La vérification de nouveaux énoncés d’observation relatifs à un énoncé théorique ne mène pas à sa vérification, mais à sa confirmation, à sa corroboration.

Ils « vont dans son sens », mais ne garantissent pas sa valeur de vérité. Carnap, dans la dernière phase de ses recherches, avait noté ce problème, et visait à développer une logique inductive (et non pas déductive, comme la logique classique), car il proposait d’identifier le degré de confirmation d’un énoncé théorique à la probabilité pour que celui-ci soit vrai.

La corroboration tient d’une conviction basée sur la régularité des faits observés. Mais cette régularité peut être trompeuse, comme le souligne Bertrand Russell avec l’exemple suivant : « L’homme qui a nourri le poulet tous les jours de sa vie finit par lui tordre le coup, montrant par là qu’il eut été bien utile audit poulet d’avoir une vision plus subtile de l’uniformité de la nature. » Le point souligné ici est la caractère psychologique et non logique de la corroboration.
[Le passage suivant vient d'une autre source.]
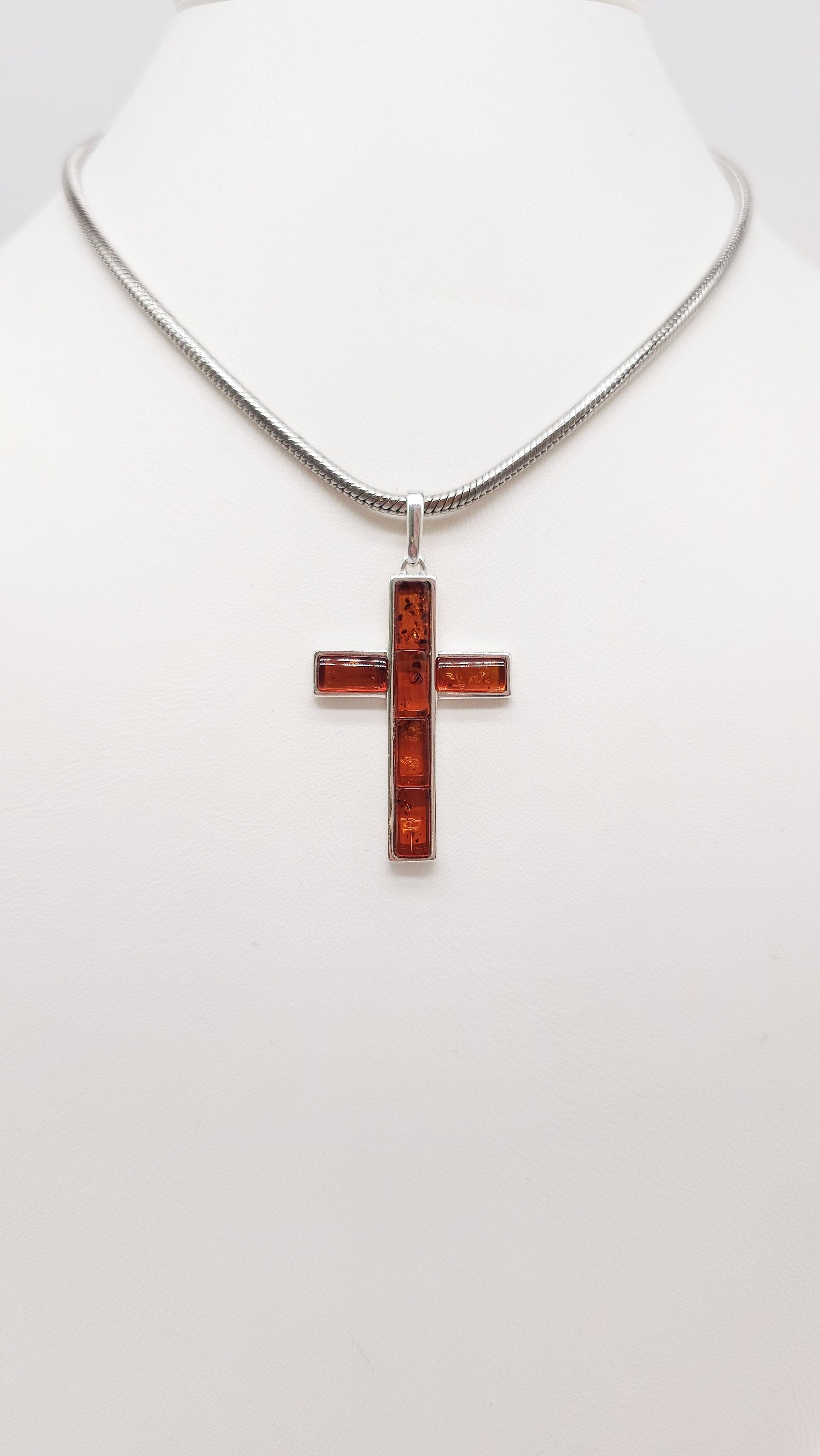 This striking cross pendant crafted from 925 sterling silver combines classic symbolism with a precious natural material. Rectangular segments of genuine, fiery-orange amber are set into the silver, lending the piece depth and radiance. The clean geometric design highlights the amber and lends the pendant a modern yet timeless appeal.

Comment expliquer notre croyance que les évènements futurs ressembleront à ceux du passé ? Puisqu’il n’existe pas de démonstration logique, David Hume propose que notre conviction doit être basée sur deux autres principes psychologiquement aussi important : l’habitude et l’accoutumance engendrées par la régularité observées dans les expériences passées.